Curious. How does this differ from something like a Fin or so?
ify
@nivasravi Great question! Ify connects to thousands of business apps, so it goes beyond answering questions it can issue refunds, change subscriptions, update accounts, and take other actions directly in the tools your team already uses.
On top of that, there’s no per-user licensing, so your whole team can log in without additional seat costs. This broad action layer, combined with learning from your existing support knowledge, is Ify’s core strength.
@karthik_veluswamy1 @irsh1985 @praveen_raj8 Congratulations, this is amazing that you are solving a problem that most customer support facing teams finds it difficult to solve.
Curious -
1) Does it replace the need to have a knowledge base like notion, confluence or would this be on top of these knowledge base.
2) What do you see as a single source of truth from a knowledge base perspective.
ify
@rahul_rajpal Thanks Rahul, great questions!
Ify doesn’t require you to replace Notion, Confluence, or your existing knowledge base. It works on top of them, combining that content with release notes and past ticket resolutions to build support ready SOPs.
Your existing tools can remain the source of truth for product documentation, while ify becomes the operational knowledge layer for support continuously turning scattered information into reliable, actionable answers.
Highperformr.ai
Congrats Karthik and team Konnectify- I see where "Ify" comes from! Love the approach of working on top of the existing helpdesk instead of forcing teams to migrate. The bigger insight for me is the knowledge layer, especially turning past resolutions, release notes and messy documentation into something the AI can actually use. That feels like where a lot of support AI implementations succeed or fail. Will this also migrate data from past resolutions?

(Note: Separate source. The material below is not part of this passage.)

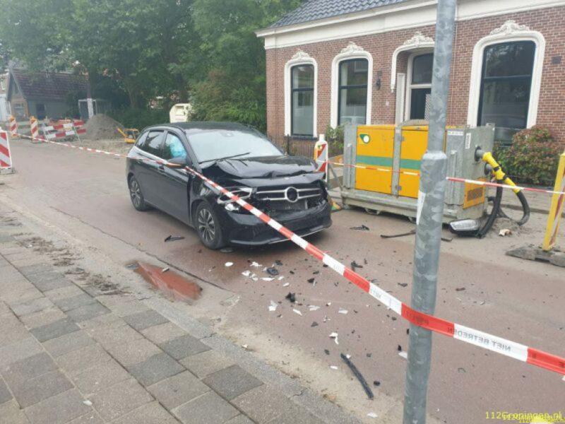Op het Kwinkeplein in Groningen is vrijdagmiddag een auto achteruit tegen een auto, een scooter

Wishing you a great launch. Excited to see where you take Ify! 🚀
ify
@rramesh25 Thanks Ramesh
Thank you! And yes — spot on. To your question - the knowledge base pulls from past resolutions too, not just docs and release notes, so it's not starting from scratch. That's the part we focused on most, since that's usually where support AI falls down. Appreciate the sharp question and thanks once again
I've sold many similar products over the last decade and this is impressive. Worth checking out for sure.
ify
@george_hackett Really appreciate that — especially coming from someone with your track record. Thanks for checking it out!
ify
Hey everyone! 👋
Sarnith here, CTO & Co-founder at @ify.
Adding a quick note on the technical side of why we built ify this way:
When we set out to build this, one thing became clear very quickly:
AI is only as good as the context behind it — and support documentation is almost never perfect.
A lot of a team’s real tribal knowledge doesn’t live in pristine docs. It’s buried inside resolved tickets, Slack threads, release notes, and agent workarounds.
Instead of forcing support teams to clean up or rewrite their documentation before they can use AI, we built ify to continuously map, absorb, and turn that scattered historical context into usable SOPs.
The goal is for the AI to understand not just what the documentation says, but how the support team actually solves problems.
I’d love to hear from the technical and support folks here:
What’s the trickiest support query or workflow you’d still be hesitant to hand off to an AI agent today?